Florida State went into halftime Sunday in Coral Gables within striking distance of an upset of the No. 25 Miami Hurricanes.

Leonard Hamilton's Seminoles fell to 3-3 in conference play.
But a disconcerting Miami run at the end of the first half continued well into the second, and the streaking Hurricanes showed no signs of cooling down with a 71-47 victory over the Seminoles.
"This is a better basketball team right now,” FSU coach Leonard Hamilton said of UM. “They are older, more mature, and they execute very well. I felt like we had too many parts in the game where we didn't execute well enough."
The Seminoles (11-8, 3-3 Atlantic Coast Conference) had hoped that last week's dramatic win over Clemson would spark them to a victory over a Miami team that has been one nation's hottest in recent weeks.
Instead, Miami (15-3, 6-0 ACC) took advantage of its distinct experience advantage, using strong efforts from a trio of seniors to send FSU to its third loss in four games. The Hurricanes got double-digit efforts from seniors Trey McKinney Jones (game-high 15 points), Durand Scott (11) and Kenny Kadji (11).
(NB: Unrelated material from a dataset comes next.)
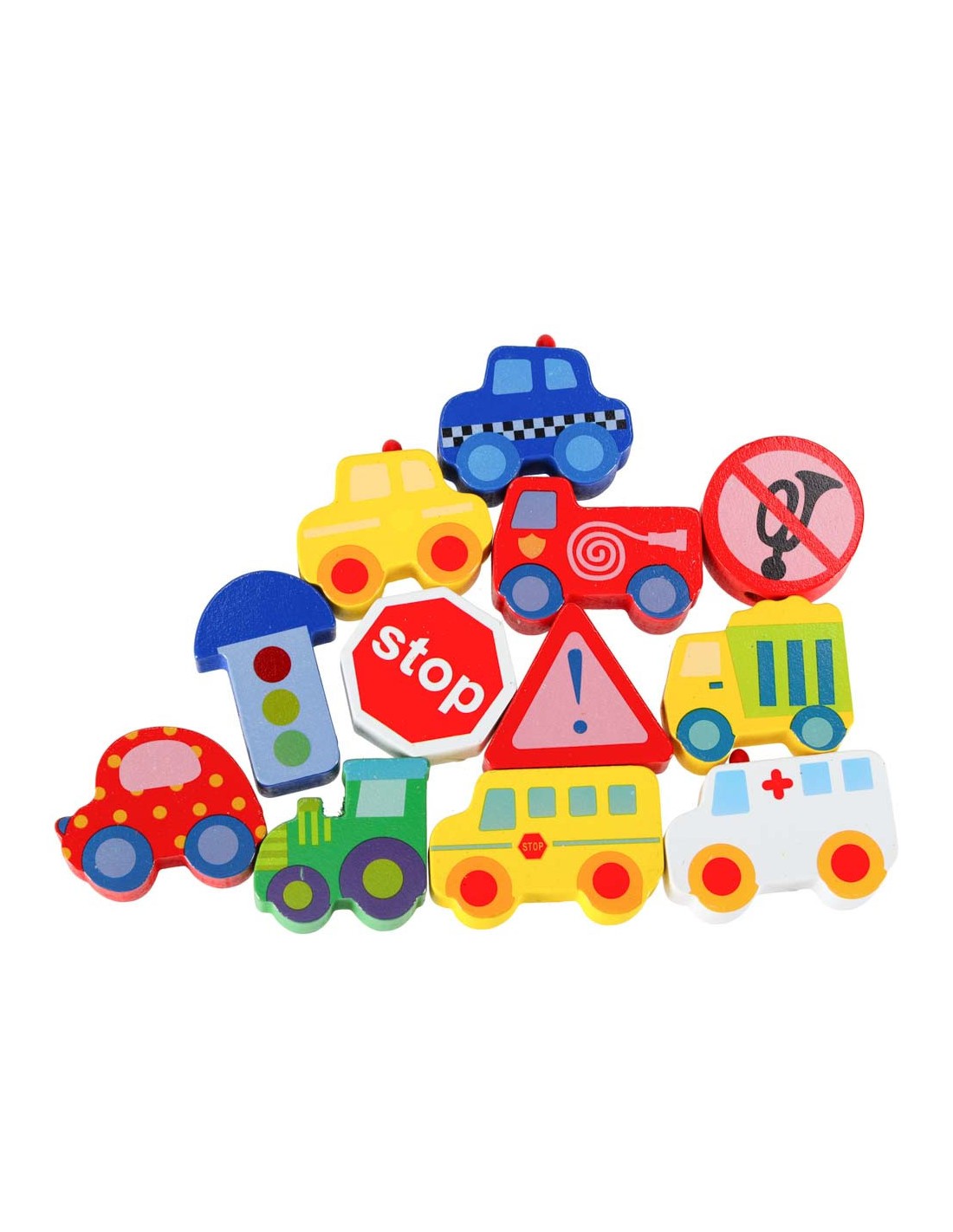 Medinis sriegimo rinkinys „Transportas“: 12 detalių, lenta ir virvelė. Lavina motoriką, kantrybę ir STEM įgūdžius. Saugus, ekologiškas žaislas nuo 3 m.

"This was a team that played an extremely mature game,” Hamilton said.
FSU, meanwhile, struggled to get much going from its consistent producers. Senior guard Michael Snaer, whose dramatic, buzzer-beating 3-pointer lifted FSU to its win over Clemson last week, scored just four points. And forward Okaro White added just six.
Ian Miller led FSU with 12 points off the bench, an encouraging sign for the junior forward who has been contending with a foot injury for much of the season.
The Seminoles will return home Wednesday for a second round with Maryland, then host No. 1 Duke on Saturday.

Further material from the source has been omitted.